Setidaknya jika aku mati hari ini, aku mati membawa rahasia. Kau? Kau akan mati membawa panci."

​Sekarang kita kembali ke aula utama, di mana Qin Tianyang memberikan mie tersebut kepada Lin Feng dengan penuh percaya diri.

​Qin Tianyang melangkah masuk ke aula utama dengan ketenangan seorang algojo. Di tangannya, kotak kayu berisi Mie Pangsit Naga Langit masih memancarkan uap tipis. Di singgasananya, Lin Feng duduk menyamping, menopang dagu, menatap Qin Tianyang seolah-olah sedang melihat serangga yang berhasil mendaki gunung.

​Di sudut ruangan, Mo Li berdiri dengan pakaian compang-camping dan wajah lebam. Ia baru saja lolos dari amukan massa di pasar, namun harga dirinya jauh lebih hancur daripada fisiknya.

​Lin Feng (Suaranya malas namun tajam)

​"Kau membawa pesananku, Tianyang? Atau kau membawa alasan mengapa aku harus memenggal kepalamu?"

​Qin Tianyang meletakkan kotak itu di meja batu. Ia tidak membungkuk serendah biasanya.

​Qin Tianyang:

​"Mie ini masih panas, Guru. Tapi harganya lebih mahal dari sekadar beberapa keping perak."

​Lin Feng: (Matanya berkilat, ia membuka kotak itu)

​"Oh? Kau ingin bicara soal harga padaku?"

​Qin Tianyang (Tersenyum tipis, sangat tipis hingga hampir terlihat seperti penghinaan)

​"Bukan harga uang. Tapi harga nyawa. Pemilik kedai itu... dia memasukkan Esensi Penelan Jiwa ke dalam kaldunya. Dia tahu siapa yang akan memakan mie ini. Dia menunggu Anda mati, Guru."

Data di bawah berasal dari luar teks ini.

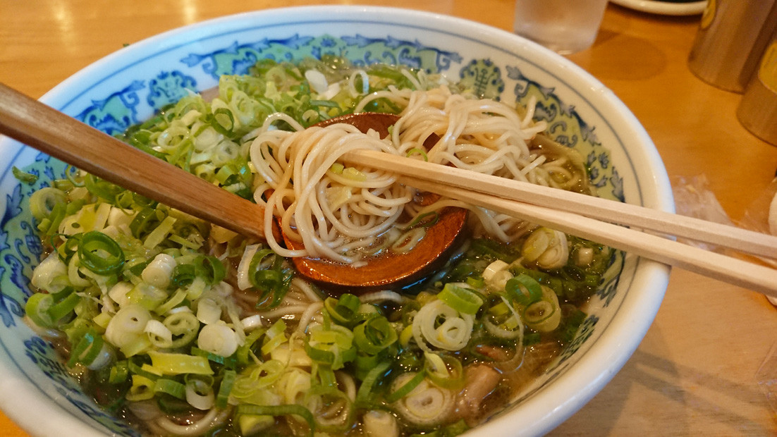 京都ラーメンに多い鶏ガラベースの醤油味に、細目ストレート麺。
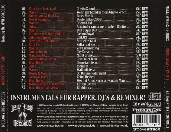 Zum Verkauf steht die 1CD-Veröffentlichung "Woroc Beats - Seine Hits als Instrumental - Part 1" (Mellowvibes Records / Twenty One Entertainment, 2008) des Produzenten und Rappers Woroc (Teil der HipHop-Gruppen VS Mafia, Killa Kombo etc.). Sie enthält Instrumentaltracks, die Woroc für andere Rapper (King Zaza feat. Azad, Massiv, Nazar & RAF Camora etc.) produziert hat. Limitiert auf 2000 Stück.

​Aula mendadak sunyi. Mo Li tersentak, wajahnya pucat pasi.

​Mo Li (Berteriak histeris)

​"Bohong! Dia hanya mencari alasan karena dia terlambat! Guru, dia ingin memfitnah orang lain untuk menutupi ketidakmampuannya!"

​Lin Feng (Mengabaikan Mo Li, menatap dalam ke mata Qin Tianyang)

​"Jika kau tahu itu beracun, mengapa kau tetap membawanya ke hadapanku? Apakah kau ingin aku mencicipinya, lalu kau bisa bebas?"

​Qin Tianyang (Melangkah maju satu tindak, memangkas jarak yang dilarang)

​"Karena saya ingin melihat, apakah Guru cukup kuat untuk memakan kematian, atau Anda hanya seorang pengecut yang bersembunyi di balik kekejaman. Jika Anda Anak Ilahi yang sejati, racun ini hanyalah bumbu tambahan. Jika tidak... silakan berikan pada Mo Li. Dia terlihat sangat lapar setelah dikeroyok massa."

​Mo Li (Gemetar hebat)

​"T-tianyang! Kau gila! Guru, dia menantang Anda!"

​Lin Feng terdiam. Tawanya meledak, mengguncang langit-langit aula. Ia mengambil sumpit, menjepit satu pangsit yang berkilau karena racun transparan, dan mengangkatnya tinggi-tinggi.

​"Kau berani bertaruh dengan nyawaku di depan wajahku sendiri? Menarik. Sangat menarik."

​Lin Feng memasukkan pangsit itu ke mulutnya, mengunyahnya pelan, lalu menelan. Keheningan yang mencekam menyusul. Wajah Lin Feng membiru sesaat, pembuluh darah di lehernya menonjol hitam. Namun, dengan satu hentakan napas, auranya meledak dan warna wajahnya kembali normal.

​Ia menatap Qin Tianyang dengan tatapan yang bisa membunuh.

​"Racunnya enak. Tapi kau tahu apa yang lebih enak, Tianyang? Kesetiaan yang dibungkus dengan ancaman. Kau baru saja membuktikan bahwa kau bukan lagi anjing yang menunggu makan siang. Kau adalah serigala yang sedang mengukur leher tuannya."

​Qin Tianyang (Membungkuk sedikit, suaranya sedingin es)

​"Saya hanya memastikan Guru tetap hidup. Karena jika Anda mati oleh tangan tukang mie, saya tidak akan punya kepuasan untuk melampaui Anda suatu hari nanti."

​Lin Feng menyeringai. Ia melemparkan mangkuk kosong itu ke arah Mo Li hingga hancur berkeping-keping di depan kakinya.

​"Mo Li! Lihat dia! Dia membawa racun ke mejaku dan aku memberinya pujian. Kau membawa perlengkapan dapur dan kau membawa aib. Pergi dari hadapanku sebelum aku menjadikanmu bahan isi pangsit berikutnya!"

​Mo Li berlari keluar dengan air mata kemarahan. Sementara itu, Qin Tianyang tetap berdiri di sana. Di bawah jubahnya, bayangan anjing kecil itu mulai memadat, seolah-olah ia baru saja ikut berpesta atas keberanian tuannya.

​"Sekarang katakan, Tianyang... apa yang sebenarnya kau inginkan sebagai imbalan atas 'kejujuran' mematikanmu ini?"

​Qin Tianyang:

​"Saya ingin akses ke perpustakaan terlarang. Saya ingin tahu... bagaimana cara membunuh sesuatu yang sudah mati."